HON. ROBERT HOLMES BELL
UNITED STATES OF AMERICA,
Respondent.
/
OPINION
This matter is before the Court on Movant Leonardo Herrera-Zuniga’s motion
pursuant to 28 U.S.C. § 2255, to vacate, set aside, or correct his sentence. For the reasons
that follow, his motion will be denied.
I.
Movant was indicted on December 5, 2007, on the following charge: (1) reentry of
removed alien after having been convicted of a felony, in violation of 8 U.S.C. §§ 1101(a),
1326(a), and 1326(b)(1). United States v. Herrera-Zuniga, Case No. 1:07-CR-283-01 (W.D.

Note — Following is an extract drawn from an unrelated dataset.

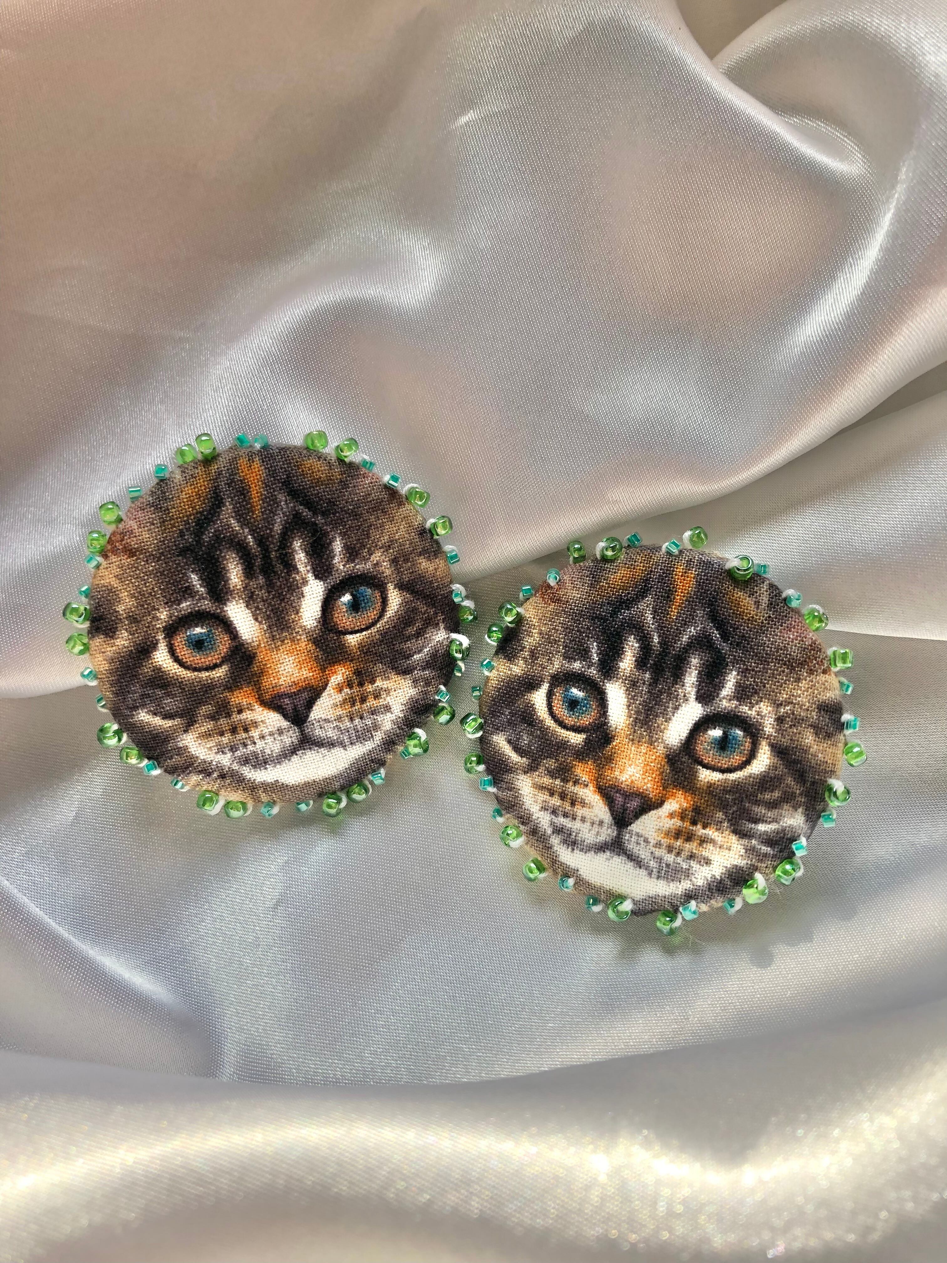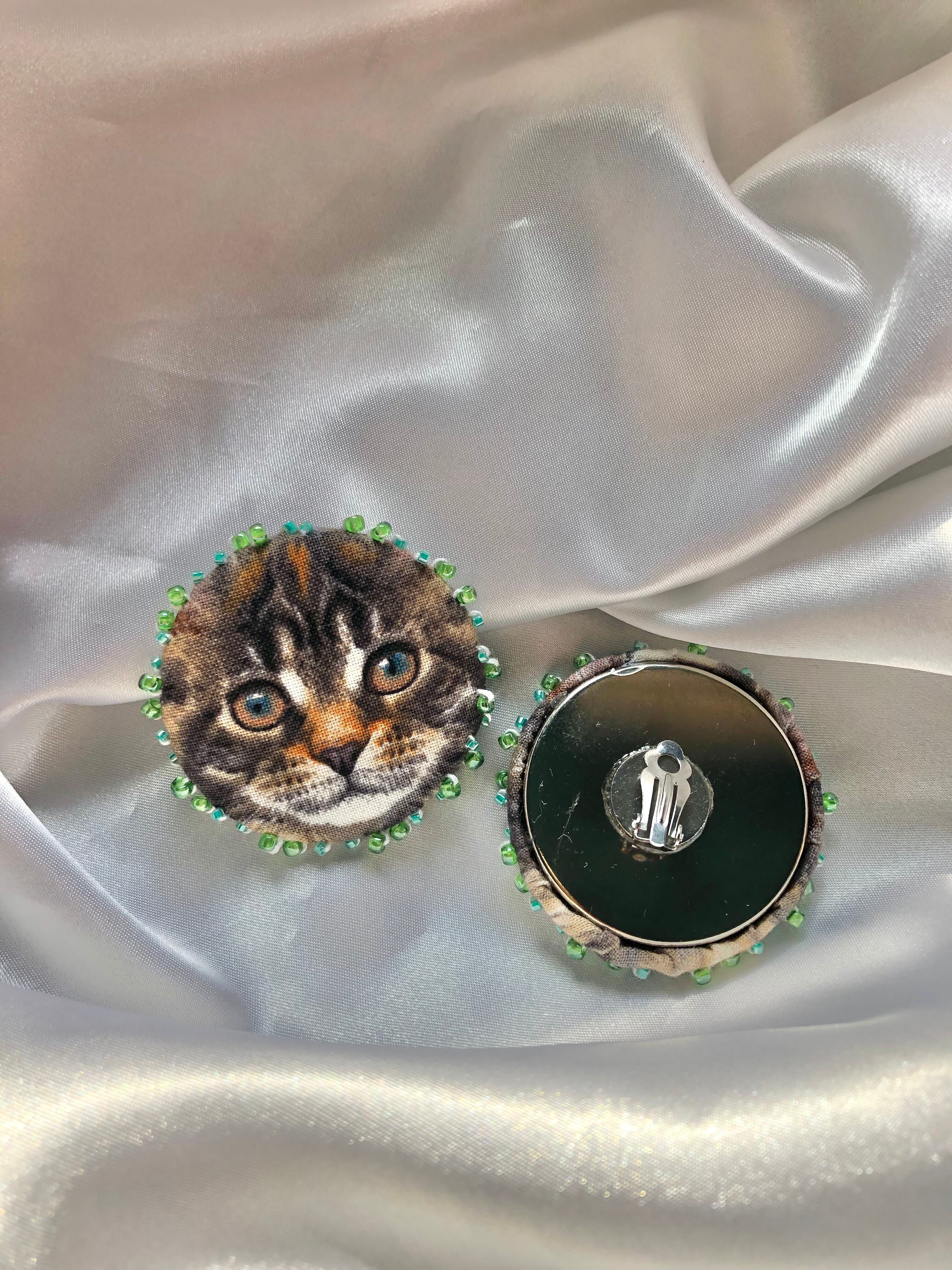 【exclusive】 handmade bead embroidery clip-on-earrings "kitty love" #7 / ヴィンテージ イヤリング 猫 刺繍 | 福狗公司 Foo Dogs Ltd. import vintage boutique

Mich. Apr. 16, 2008; Dkt. No. 1, Indictment.) Movant pleaded guilty to the Indictment on
January 9, 2008, and was sentenced on April 11, 2008, to 48 months’ imprisonment, to be
served concurrently with 12 months’ imprisonment for violating his supervised release
conditions imposed for a prior conviction (1:06-CR-04), as well as another 12-month term
of supervised release. (1:07-CR-283-01, Dkt. No. 28, Sup. Rel. Violation Hr’g & Sent. Tr.
14, 16.) Movant appealed on April 17, 2008, and his conviction was affirmed on July 8,
2009 (1:07-CR-283-01, Dkt. No. 29; United States v. Herrera-Zuniga, 571 F.3d 568 (6th Cir.

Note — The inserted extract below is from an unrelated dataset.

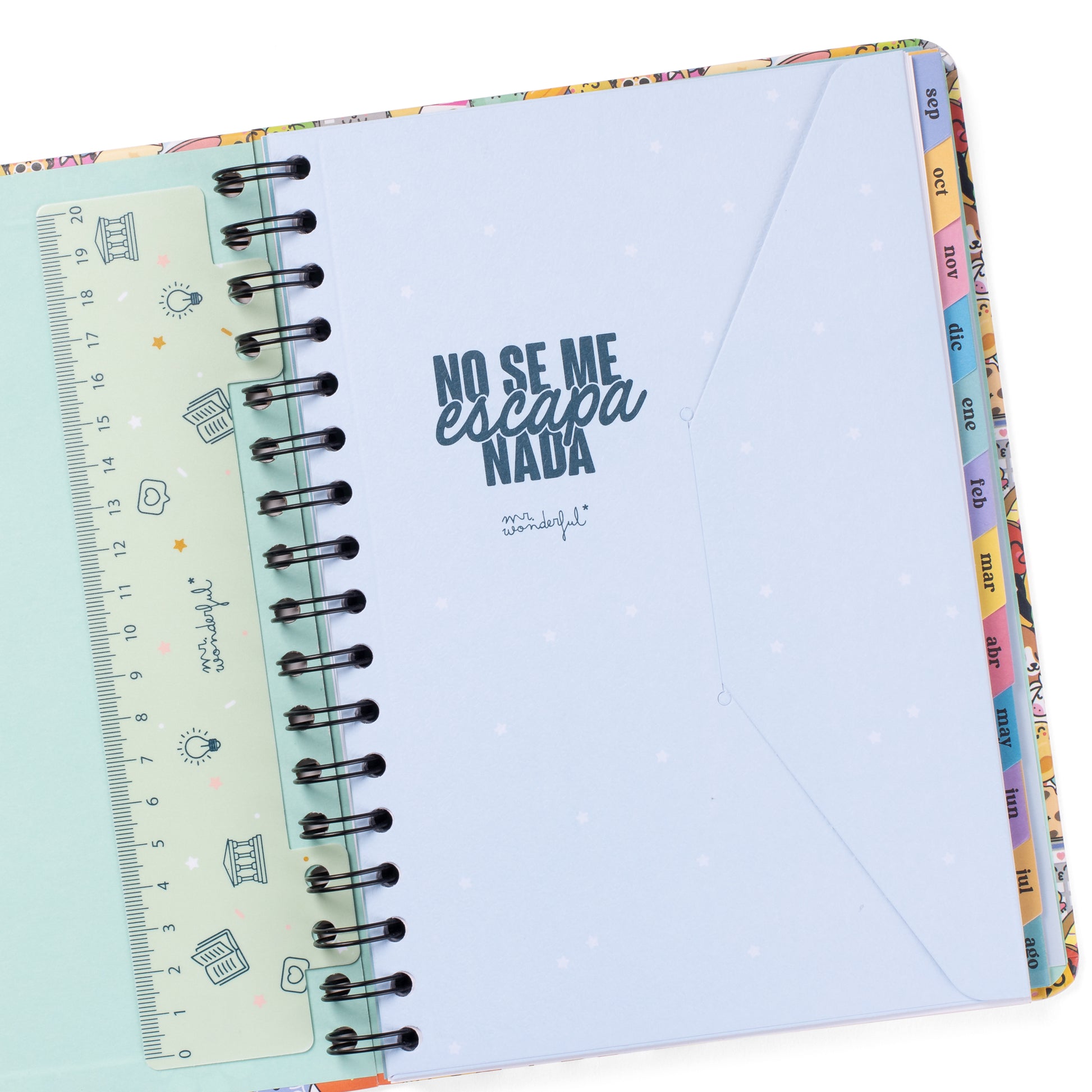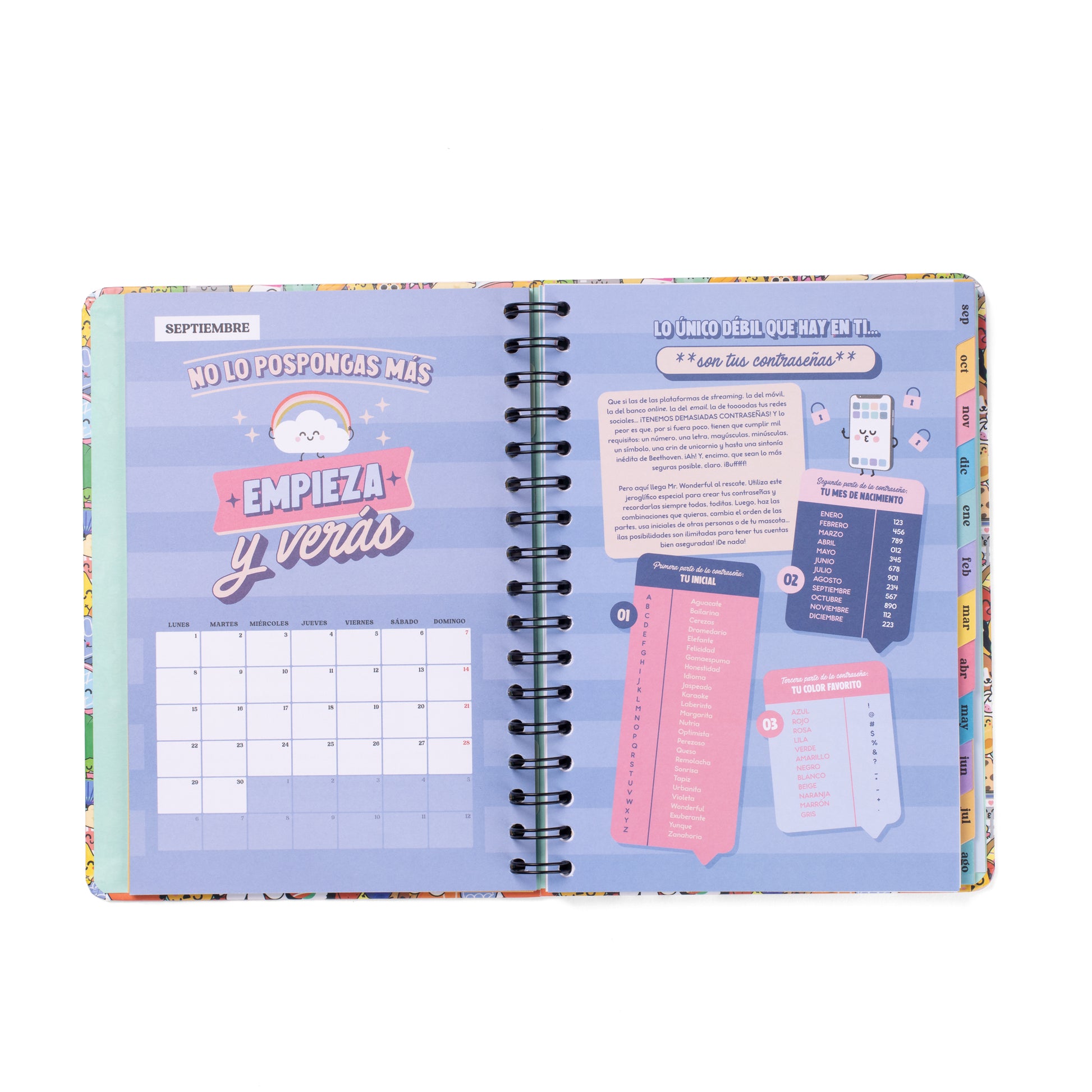 Agenda estilo Wonder de Mr. Wonderful, con organización semanal, va de septiembre de 2025 a finales de agosto de 2026. Esta agenda contiene:

2009).) Movant filed a timely § 2255 motion on October 7, 2010. Movant seeks relief based
on ineffective assistance of counsel.
II.
A prisoner who moves to vacate his sentence under § 2255 must show that the
sentence was imposed in violation of the Constitution or laws of the United States, that the
court was without jurisdiction to impose such sentence, that the sentence was in excess of the
maximum authorized by law, or that it is otherwise subject to collateral attack. 28 U.S.C.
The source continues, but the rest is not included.